Я вернулся в гостиницу, готовый приступить к осуществлению своей идеи, честно украденной у другого артефактора. Не торопитесь меня обвинять в плагиате: одна и та же идея у двух мастеров может иметь совершенно разное воплощение.
И я достал из своего саквояжа всё необходимое, уже настроился на работу, когда снизу раздались совсем уж непотребные вопли. Я спустился в бар, собираясь вразумить крикунов, но только выругался – Том решил провести конкурс «кто кого перепьёт», а вопили болельщики.
Не могло быть и речи, чтобы что-либо делать в такой обстановке: скорее результатом моей работы стал бы пожар, чем подвеска. Мне пришлось собирать все вещи и аппарировать к своему новому дому. Я немного переживал: мало ли как на меня отреагирует полтергейст. Однако волновался зря: дом был погружён в тишину, ремонт вступил в завершающую стадию, а никаких голов или других бесхозных частей тела не наблюдалось.
Я набросал на пергаменте несколько вариантов подвесок с секретом: и с открывающимися створками, и больше напоминающий сильно уменьшенную тубу для документов, и нечто, подобное крошечной седельной сумке. Но принимая во внимание цвет камня, я решил сделать подвес в виде готического окна, за которым то ли начинается закат, то ли гаснет рассвет.
Провозился я почти до утра, а когда вышел на крыльцо, чтобы вдохнуть свежего воздуха – голова после суматошного дня гудела, то понял, что возвращаться в отель, в общем-то, и незачем. Моя спальня – единственная комната, к которой примыкал балкон, пахла смолистым деревом и свежим бельём, в ней давно уже завершили все переделки. Я зевнул, доплёлся до кровати – монстра на массивных дубовых ножках – и рухнул на неё, моментально отключаясь.
***
– Хозяину нужно подняться… Хозяину нужно проснуться… – причитал кто-то рядом со мной. Поначалу я принял монотонно лившиеся слова за продолжение сна – гостиничные эльфы не будили постояльцев – этим нелёгким делом занимался Том, но, когда меня за руку тронула чья-то лапка, с трудом разлепил веки и обнаружил рядом с собой домовуху в серой наволочке. Но в доме не было эльфов!

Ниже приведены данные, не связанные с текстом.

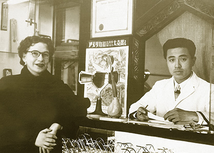 In 1950, 19-year old Kyoichi Tanaka was employed at Tamamizuya optical shop and first heard of contact lenses from the wife of a U.S. Army officer.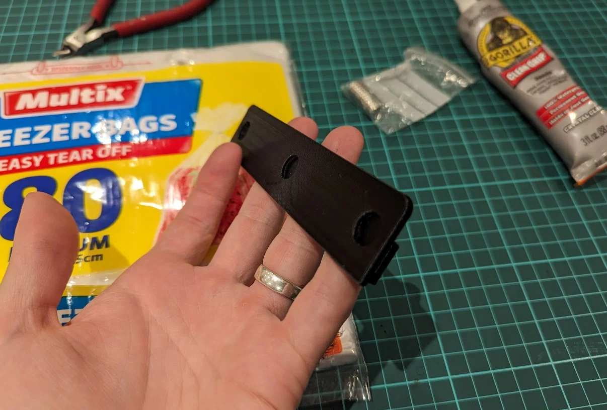 Một thương hiệu ở Úc tên là Multix có tặng kèm một cái móc treo nhựa miễn phí, có thể bắt vít vào tủ bếp để treo các túi freezer bag của họ. Bên mình thì muốn gắn nó ở hông tủ lạnh hơn là khoan/bắt vít vào tủ, nên mình làm một mẫu có các rãnh âm để nhét 3 viên nam châm neodymium dạng đĩa 10 x 2 mm, nhờ vậy nó sẽ dính lên bất kỳ bề mặt kim loại nào, lực giữ dư xài cho nhu cầu này.

– Ты кто? – Я приподнялся на постели и огляделся: нет, никакой ошибки не случилось – передо мной маячила моя кровать в новоприобретённом доме.
– Кирин, – ответило мне лопоухое тощее создание, тараща большие жёлтые, как у совы, глаза. – Кирин спала, пока не появился хозяин. К хозяину прилетела важная птица… Хозяину нужно подняться.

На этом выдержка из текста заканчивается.